Rulings Afford Sexual Privacy More Legal Protection

The Associated Press, November 27, 1998

By Richard Carelli, Associated Press Writer

WASHINGTON -- A decade-long trend of state court decisions that expand the sexual privacy of consenting adults continued this week when the Georgia Supreme Court struck down that state's ban on sodomy.

"We cannot think of any other activity that reasonable persons would rank as more private and more deserving of protection from government interference," the Georgia court said in ruling, 6-1, that the state's constitution offers more protection than does the federal Constitution.

Courts in Kentucky, Montana and Tennessee previously had reached the same conclusion in interpreting their respective state constitutions and striking down anti-sodomy laws.

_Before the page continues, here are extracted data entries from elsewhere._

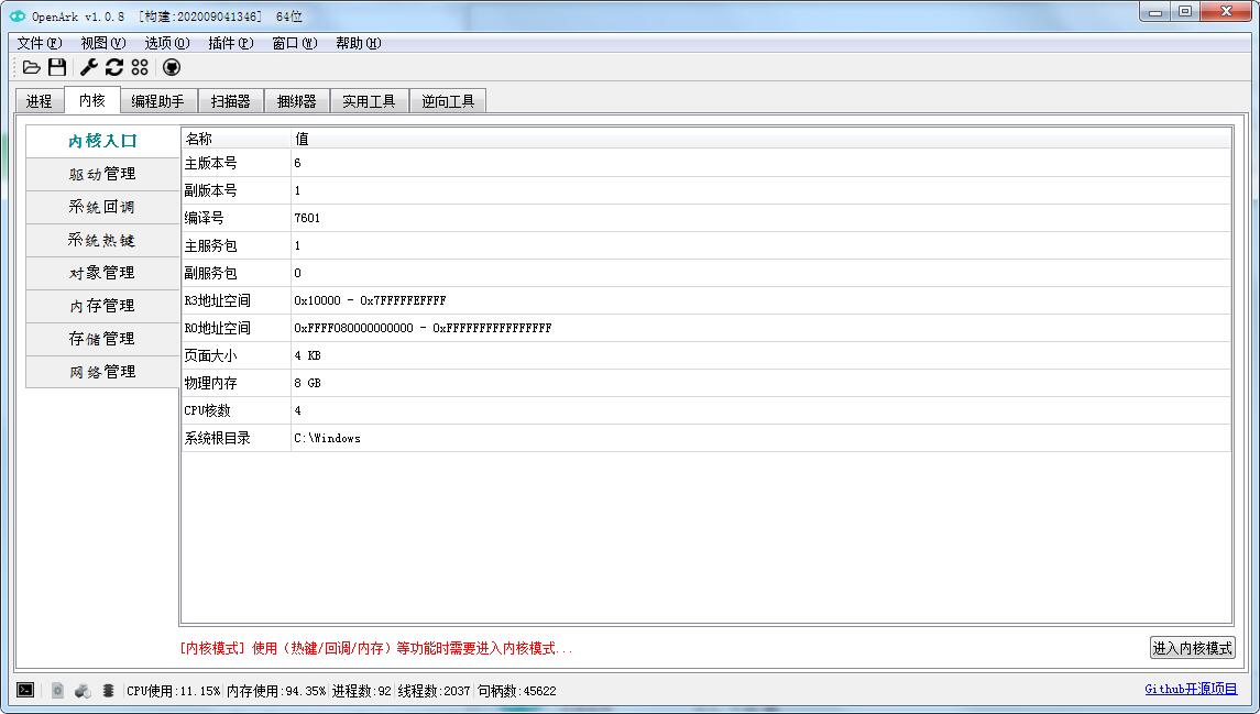 内核 - 系统内核工具,例如:驱动、回调、过滤器、IDT/SDT WFP等功能,以后会支持更多。
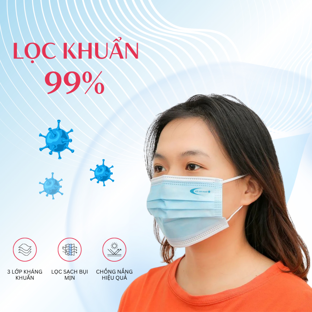 [ Thùng 300 Chiếc (6 Hộp) ] Khẩu Trang Y Tế 4 Lớp HẢI AN MASK, Kháng Khuẩn Dày Dặn, Chống Bụi Mịn & Tia UV
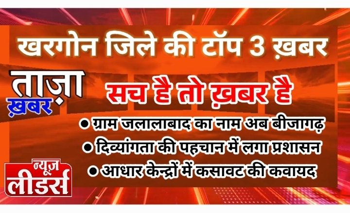 NEWS Leaders : खरगोन जिले की टाॅप 3 ख़बर ● ग्राम ’जलालाबाद का नाम अब बीजागढ़ ● दिव्यांगता की पहचान में लगा प्रशासन ● आधार केन्द्रों में कसावट की कवायद
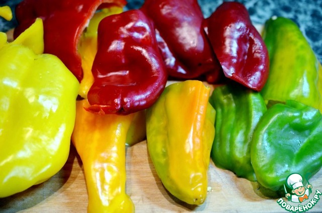 Разрежьте все перцы на четвертинки, удалите плодоножки с сердцевиной.
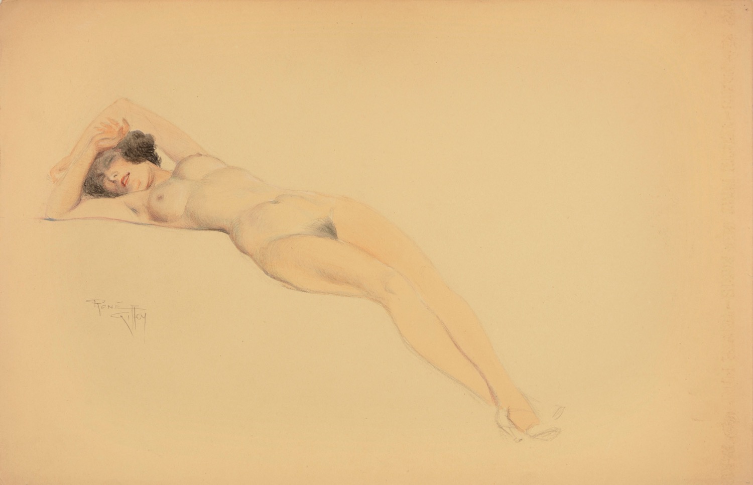 Disegno originale realizzato dal celebre illustratore francese Giffey nel 1928. Fori di affissione agli angoli e piccoli strappi ai margini. Firmato al fronte e datato al retro.
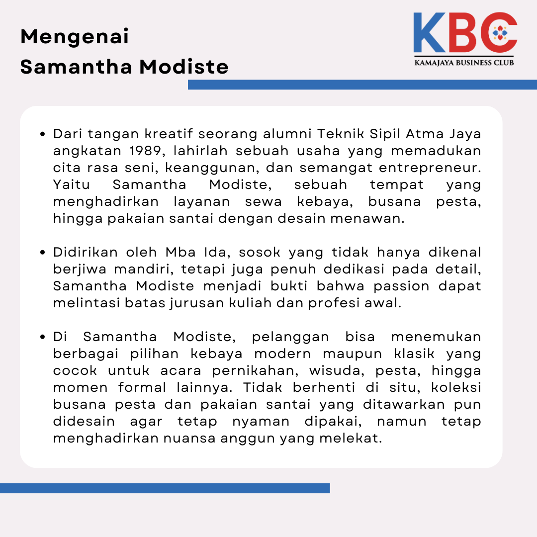 Dibuat oleh tangan-tangan penuh dedikasi, Samantha Modiste adalah cerminan kecantikan, ketekunan, dan kreativitas perempuan Indonesia.

"There is a momentum building for the baseline assumption that this is the epitome of privacy," says Ruth Harlow, managing attorney at the Lambda Legal Defense Fund, a gay-rights group. "This will carry over to other states."

Lou Sheldon, chairman of the Traditional Values Coalition, disapproves. "It seems that the Georgia Supreme Court is willing to allow ... moral indecency to occur all in the name of privacy."

Sodomy laws, which generally ban oral and anal sex, existed in all 50 states as recently as 40 years ago. Today, such laws remain in 18 states.

Thirteen of those states ban consensual sodomy for both homosexual and heterosexual couples. They are Alabama, Arizona, Florida, Idaho, Louisiana, Maryland, Massachusetts, Minnesota, Mississippi, North Carolina, South Carolina, Utah and Virginia.

Five states ban homosexual sodomy only. They are Arkansas, Kansas, Oklahoma, Missouri and Texas.

The bans in Arkansas, Louisiana and Texas currently are under attack in state courts.

For gay-rights activists, Georgia's law stood out. It was the subject of a landmark 1986 decision in which the U.S. Supreme Court said consenting adults have no federal constitutional right to private homosexual conduct.

"There's an irony, but the new ruling also reflects a change in the national thinking," says David Smith of the Human Rights Campaign, a gay-rights advocacy group.

The U.S. Constitution does not mention the word "privacy" but the Supreme Court since 1965 has recognized that such a right predates the 1787 document itself.

Some endeavors, such as the decision to marry, have children or practice birth control, have been held to be so private and so "fundamental" that government cannot interfere without some "compelling interest" -- a legal test not easily met.

But in its 1986 decision on Georgia's now-defunct sodomy law, the nation's highest court said private homosexual conduct was not deserving of such protection. "Law is constantly based on notions of morality," the court's 5-4 majority said back then. "And if all laws representing essentially moral choices are to be invalidated ... the courts will be very busy indeed."

When it comes to private sex, they have been ever since.

Richard Carelli covers the Supreme Court and legal issues for The Associated Press.